Great article.
The section “How Did We Get Here?” also describes Millennials as though they are separate from the audience of the piece. It is almost as if the undertone of the article is “kids these days”, albeit in a much more academic and well-expressed manner.
There’s something else going on here as well, that I think some folks in the “blame Millenials” camp aren’t seeing, that speaks towards a shift not only in this safe space corner of education, but overall education itself. Gen X and older generations weren’t indoctrinated into the social justice program, because the social justice program, as a collective group of concepts, is relatively new.

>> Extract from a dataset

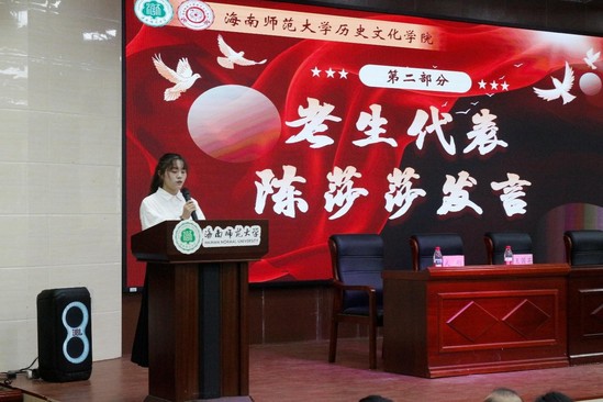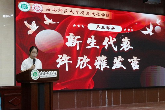 接着,研究生新生代表许欣雅同学发言。在发言中,她首先感谢海南师范大学与历史文化学院提供深造机会,让自己能继续以“海师历史人”的身份开启新征程。谈及未来,她表示将与同学们怀揣对知识的敬畏与对未来的憧憬,牢记“弘毅明德、鉴古知今”的院训,继续踏实学习,精研学问,力争在新的阶段继续取得进步。

Take racism, for example. Gen X and the Boomers think in terms of the traditional definition of racism, which basically marries up with “racial prejudice,” and a younger generation has been indoctrinated with a new “prejudice plus power” definition that was invented from whole cloth years after the Civil Rights Act and the death of MLK. So when the older half of the country takes a crap on Millenials for supporting Sarah Jeong, for instance, they don’t realize that Millennials have been subjected to a completely different indoctrination program than have older generations. It’s a “you get what you pay for” sort of deal.
The privilege narrative, the microaggression narrative, the trigger warning narrative, the rape culture narrative, and a host of others are all bound together in a kind of a crowdsourced epistemological web, knitted together in academic echo chambers and intended to weaponize victimhood.